Der Anlassfall: Wilde Maus, Haders Regiedebüt, das am Wochenende dem Wettbewerb die erste Tragikomödie schenkte. Nach den kunstgewerblichen Kapriolen der ersten Tage sah man dem ironisch abgefederten Drama um das plötzlich hereinbrechende Unglück des Musikkritikers Georg gern zu. Nach zwanzig Jahren verliert dieser seine Redakteursstelle und gerät daraufhin auch in ärgere Beziehungsnöte, weil er die Erniedrigung zu Hause verschweigt.

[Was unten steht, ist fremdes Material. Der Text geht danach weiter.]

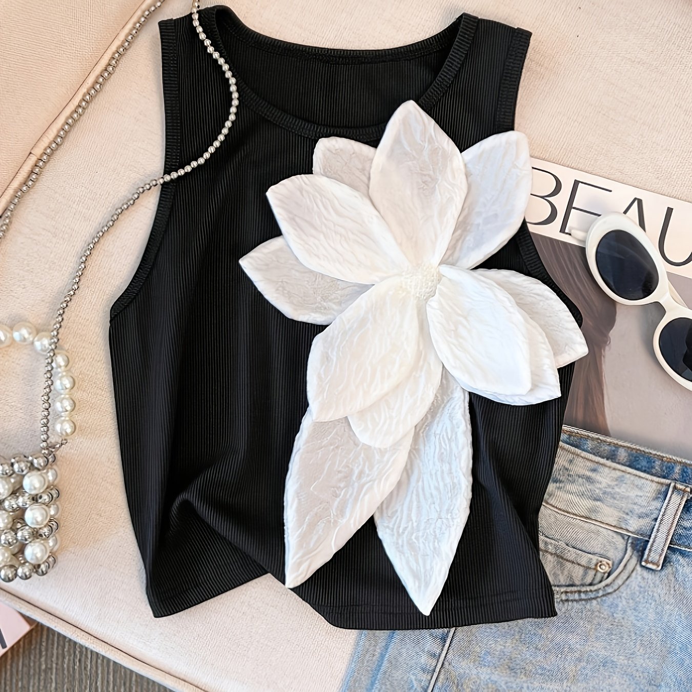 TEMU 여성용 스타일리시한 슬리브리스 탱크 탑, 대형 화이트 꽃 프린트 - 캐주얼 크루 넥, 가벼운 폴리에스터 소재, 봄 & 여름 의상에 완벽한 꽃 프린트 블라우스
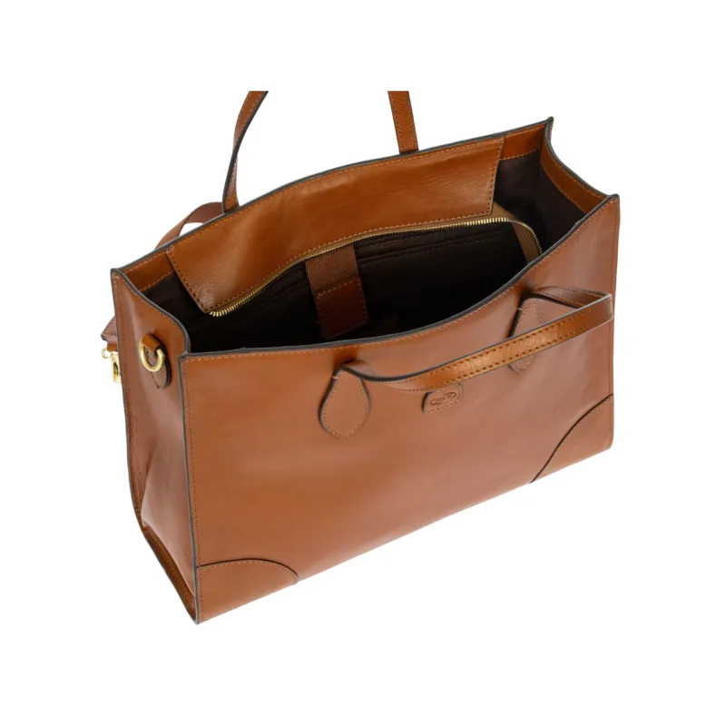Bric's Volterra small leather shopping bag with tablet pocket, brown
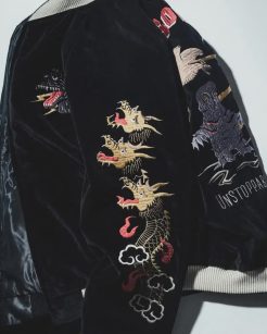 A jaqueta é confeccionada em veludo preto, que serve como uma canvas para impressionantes bordados. Na parte frontal, destaca-se um embate entre as icônicas figuras de Godzilla e Mechagodzilla, enquanto as mangas apresentam o temido King Ghidorah. Famoso por suas três cabeças ameaçadoras. Nas costas, a complexidade do design se intensifica, retratando Rodan e Mothra em um voo sobre o majestoso Monte Fuji. Todos complementados pela imagem de Hedorah, o monstro associado à poluição, logo abaixo.
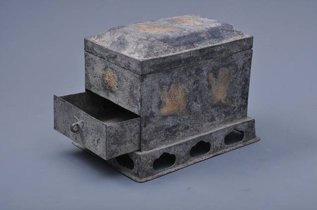 J7方体箩子1套。通高12厘米,长15.8厘米,宽11.1厘米,重557.7克。皿形为长方体,由盖、罗、屉、罗架、皿座组成。两侧有相对跃马形象,方体箩字的上盖及两侧正面均有骑凤凰仙人形象,表现了道教或汉地传统信仰题材。
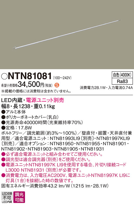 Panasonic 建築化照明器具 NTN81081 | 商品情報 | LED照明器具・照明機器の激安通信販売・格安通販・業務用販売・見積もり販売 照明倉庫 -LIGHTING DEPOT-
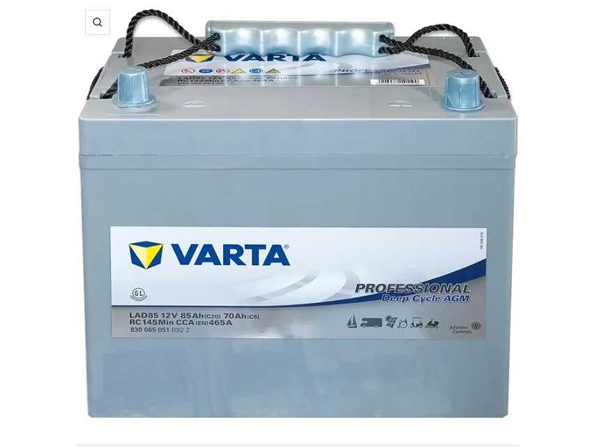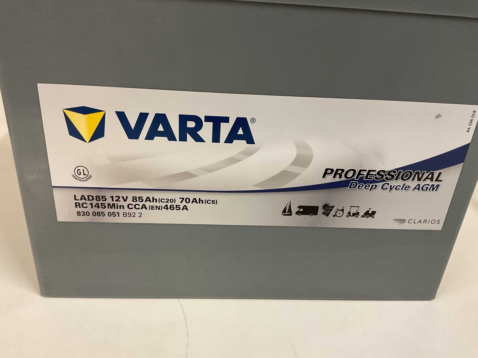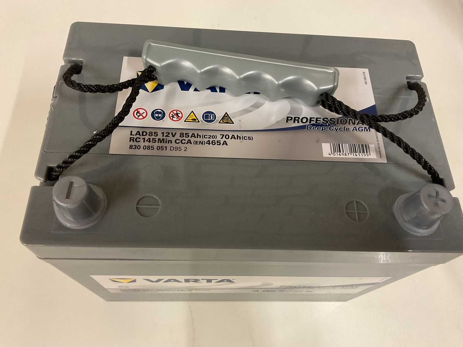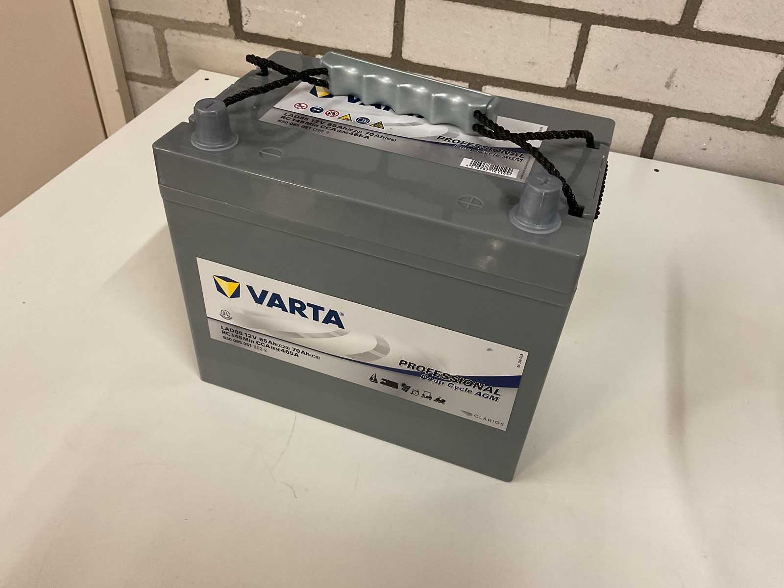 Nieuw ongebruikt Deze 12 volt 85 ah Varta LAD85 AGM Deep Cycle accu beschikt over de nieuwste techniek en is dus de geschikte accu voor de nieuwste boten, jachten, campers, caravans en elektrische buitenboordmotoren. De accu is verder ook ideaal voor seizoensgebonden gebruik, dus hoeft u hem niet extra op te laden als u uw boot of camper in de winter uit de stalling haalt. Daarnaast is hij ook uitermate geschikt voor Dual Power en kan hij dus gebruikt worden om te starten en voor de stroomvoorziening van de elektrische verbruikers. De LAD is perfect als: lichtaccu, boordaccu, serviceaccu, huishoudaccu en al wat nog meer stroom verbruikt en natuurlijk ook als startaccu. Door de lage interne weerstand wordt de accu sneller opgeladen en het zorgt ervoor dat er langdurig een hoog vermogen uit de accu kan worden gehaald. De LAD 85 bevat de modernste technologie op het gebied van accu's en heeft een tot wel 8 keer hogere cyclusvastheid in vergelijking met de traditionele 'natte' accu's. De LAD85 is lekvrij, gasdicht, zeer trilling- en schokbestendig en is vele malen beter dan de gewone semi-tractie accu's. De accu kan volgens fabrieksopgave tot 50% ontladen (@ 50% DOD = Dept of Discharge) worden zonder dat deze kapot gaat. Nee Merk: Varta Model: LAD85 AGM Gewicht: 25.3kg Lengte: 26cm Breedte: 17cm Hoogte: 23cm
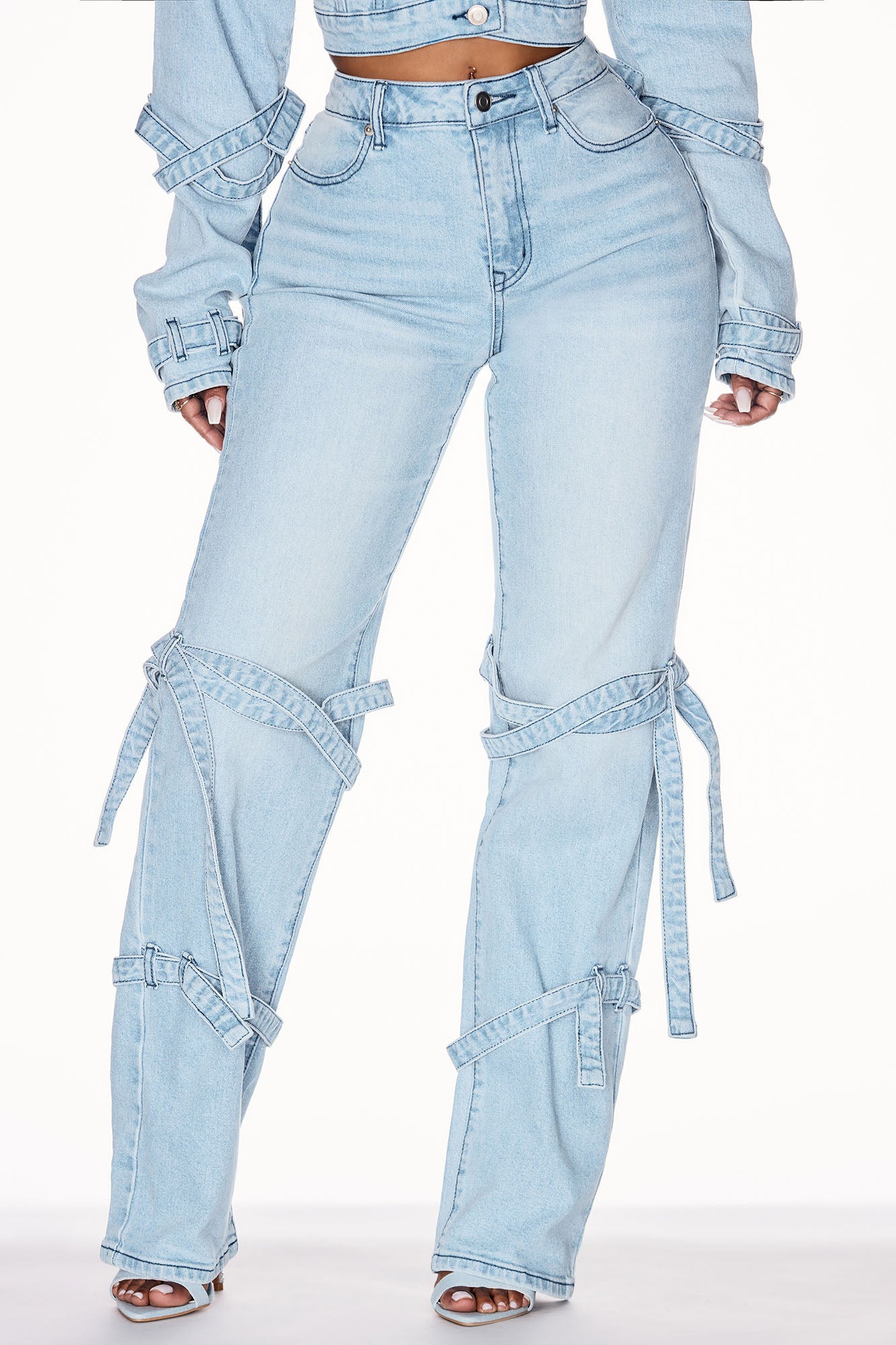 All Tied Up Stretch Straight Leg Jeans - Light Wash

Die Figur mag ein wenig zu nahe an den anderen Hader-Zauderern orientiert sein, die bereits durchs heimische Kino gestolpert sind. Doch in Wilde Maus ist sie stärker im Milieu einer urbanen Boheme verankert, die sich etwas zu selbstgefällig vom Rest der Welt abzuschotten wusste. Die neue Freiheit ist für Georg dann auch eher unangenehm, und der Film dann am besten, wenn er sich von der etwas formelhaften Rache- und Revanchegeschichte seines Helden entfernt und sich mehr dessen zwischen Verzweiflung und Komik changierendem Alltag widmet. Hader erzählt in Cinemascope von einem Mann, dessen Rebellentum eher kleinformatig bleibt.

Mutterliebe

Allein gegen den Rest, so lautet auch die Devise zweier weiterer Wettbewerbsfilme. Mit großer Intensität verkörpert die kongolesische Schauspielerin Véro Tshanda Beya in Alain Gomis' Félicité eine Sängerin, die ihrem bei einem Motorradunfall verunglückten Sohn eine Operation ermöglichen will.

Félicité film

Weil das Geld dafür fehlt, versucht sie es bei unzähligen Adressaten einzutreiben. Ihre Beharrlichkeit ist beachtlich, sie erduldet selbst Gewalt. Doch Gomis belässt es bei keinem Drama um soziales Engagement, sondern erweitert die Perspektive im letzten Drittel zur Erfahrung einer Totalität von Sinneseindrücken.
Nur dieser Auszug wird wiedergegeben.